• Task description
Give back the whole listing exactly as written, pictures excluded.

• Information provided

▬▬▬▬▬▬

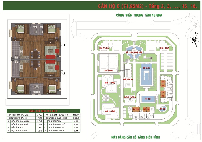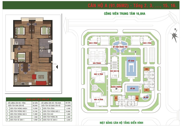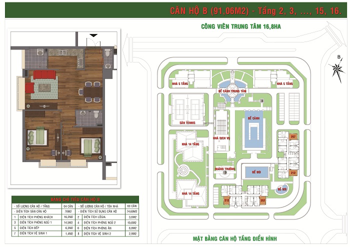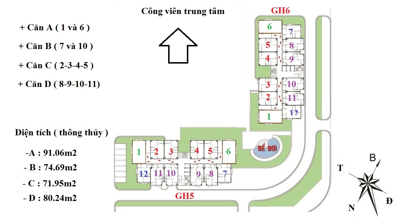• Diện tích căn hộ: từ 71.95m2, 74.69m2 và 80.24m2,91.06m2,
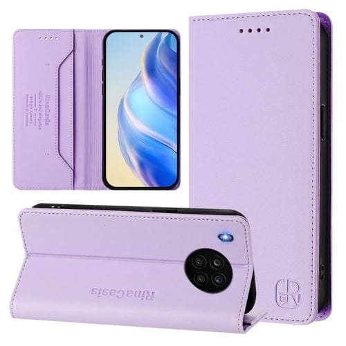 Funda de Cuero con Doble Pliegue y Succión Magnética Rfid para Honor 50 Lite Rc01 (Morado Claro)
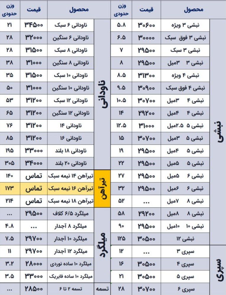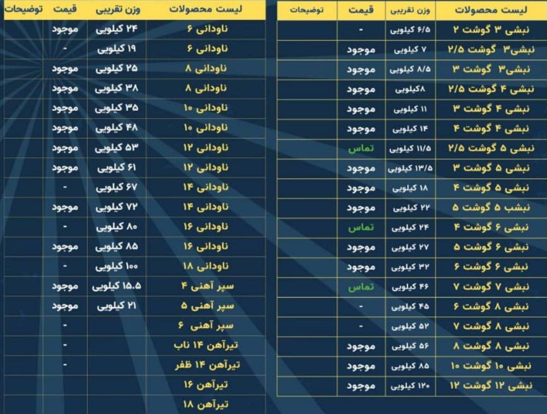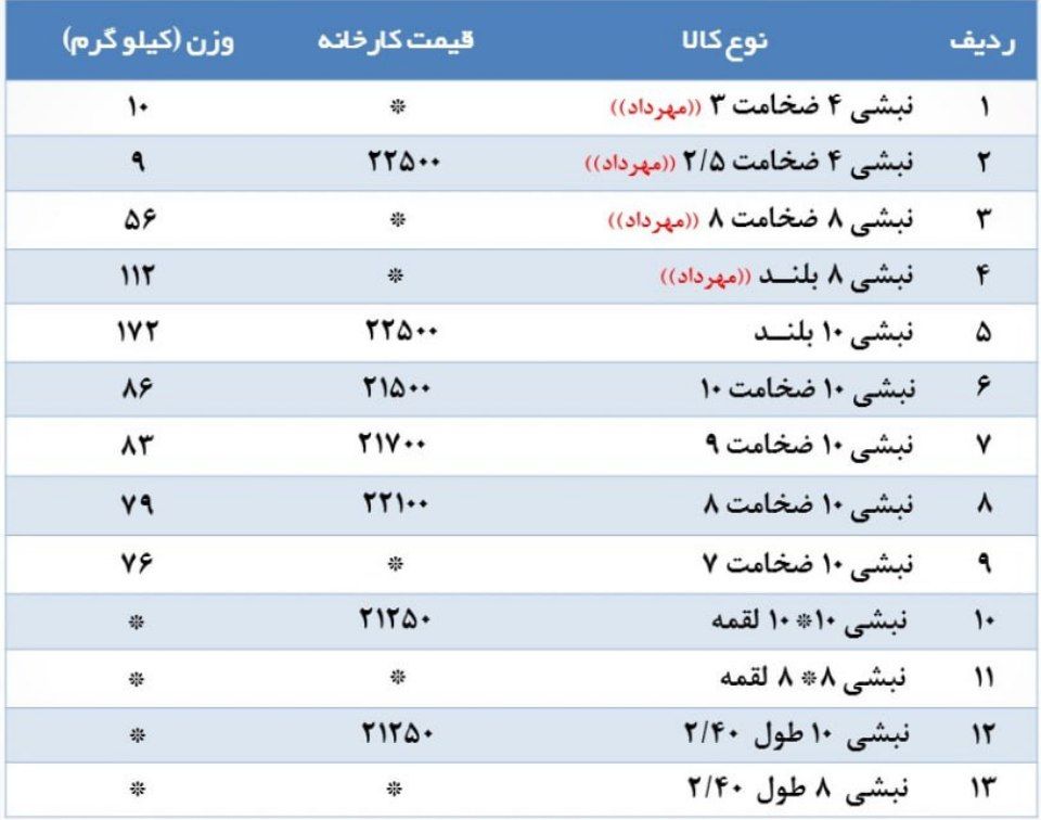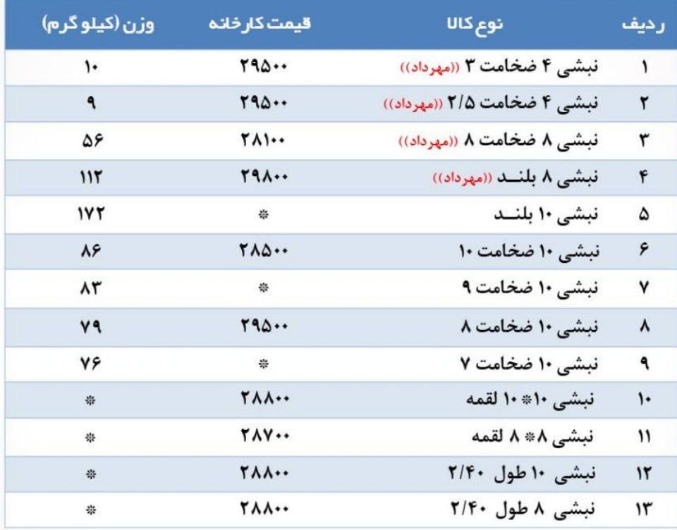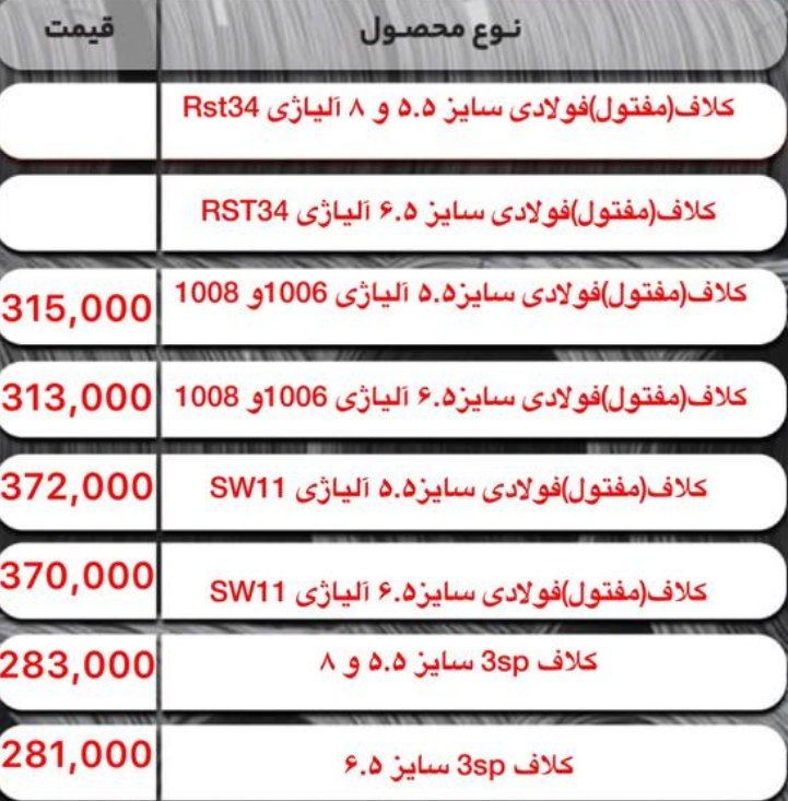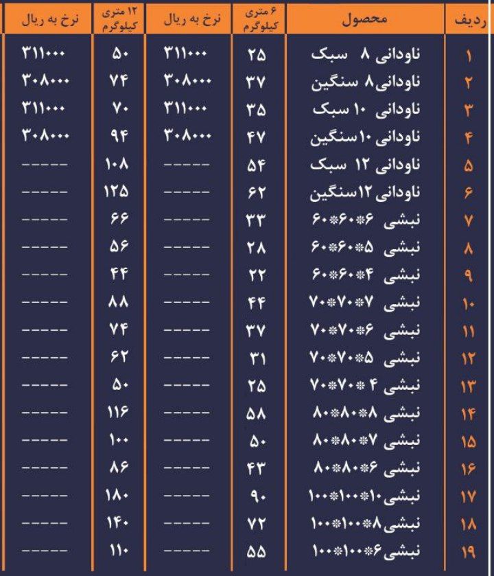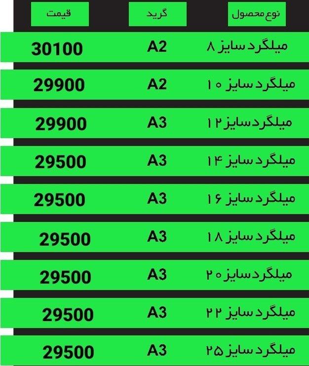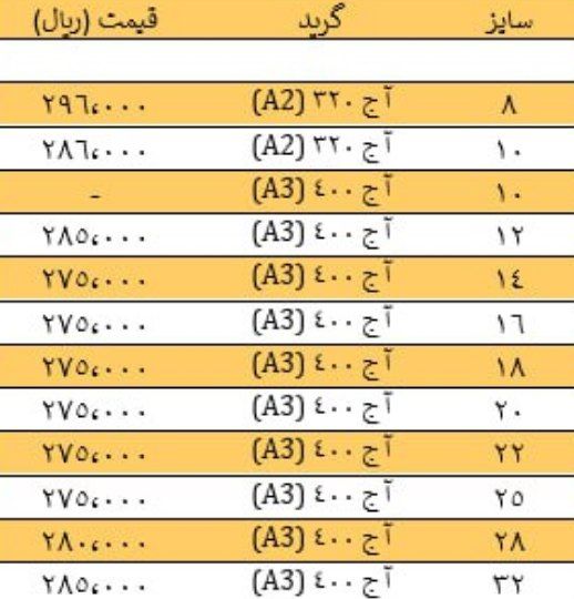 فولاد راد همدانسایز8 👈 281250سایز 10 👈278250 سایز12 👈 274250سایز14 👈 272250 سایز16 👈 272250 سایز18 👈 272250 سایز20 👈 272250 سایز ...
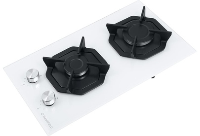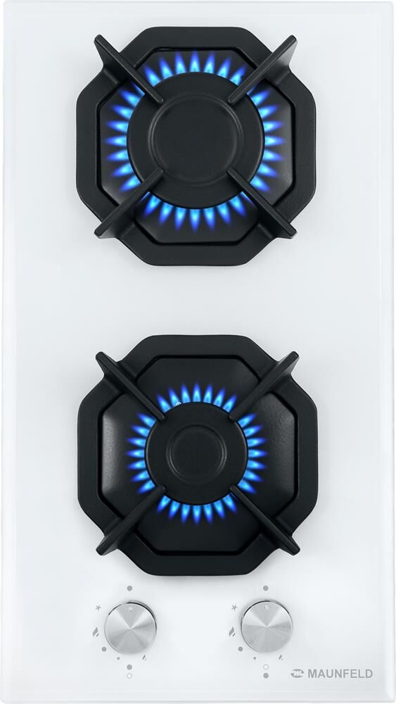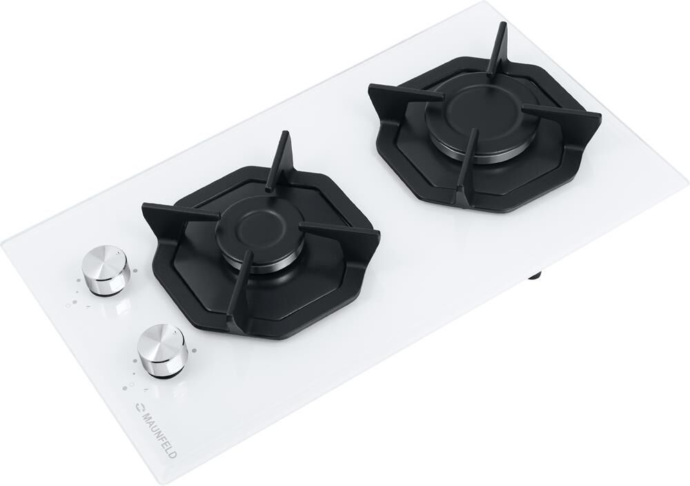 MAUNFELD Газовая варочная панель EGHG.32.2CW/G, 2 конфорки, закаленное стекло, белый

▬▬▬▬▬▬

• Task output
• Diện tích căn hộ: từ 71.95m2, 74.69m2 và 80.24m2,91.06m2,
 Funda de Cuero con Doble Pliegue y Succión Magnética Rfid para Honor 50 Lite Rc01 (Morado Claro)
 فولاد راد همدانسایز8 👈 281250سایز 10 👈278250 سایز12 👈 274250سایز14 👈 272250 سایز16 👈 272250 سایز18 👈 272250 سایز20 👈 272250 سایز ...
 MAUNFELD Газовая варочная панель EGHG.32.2CW/G, 2 конфорки, закаленное стекло, белый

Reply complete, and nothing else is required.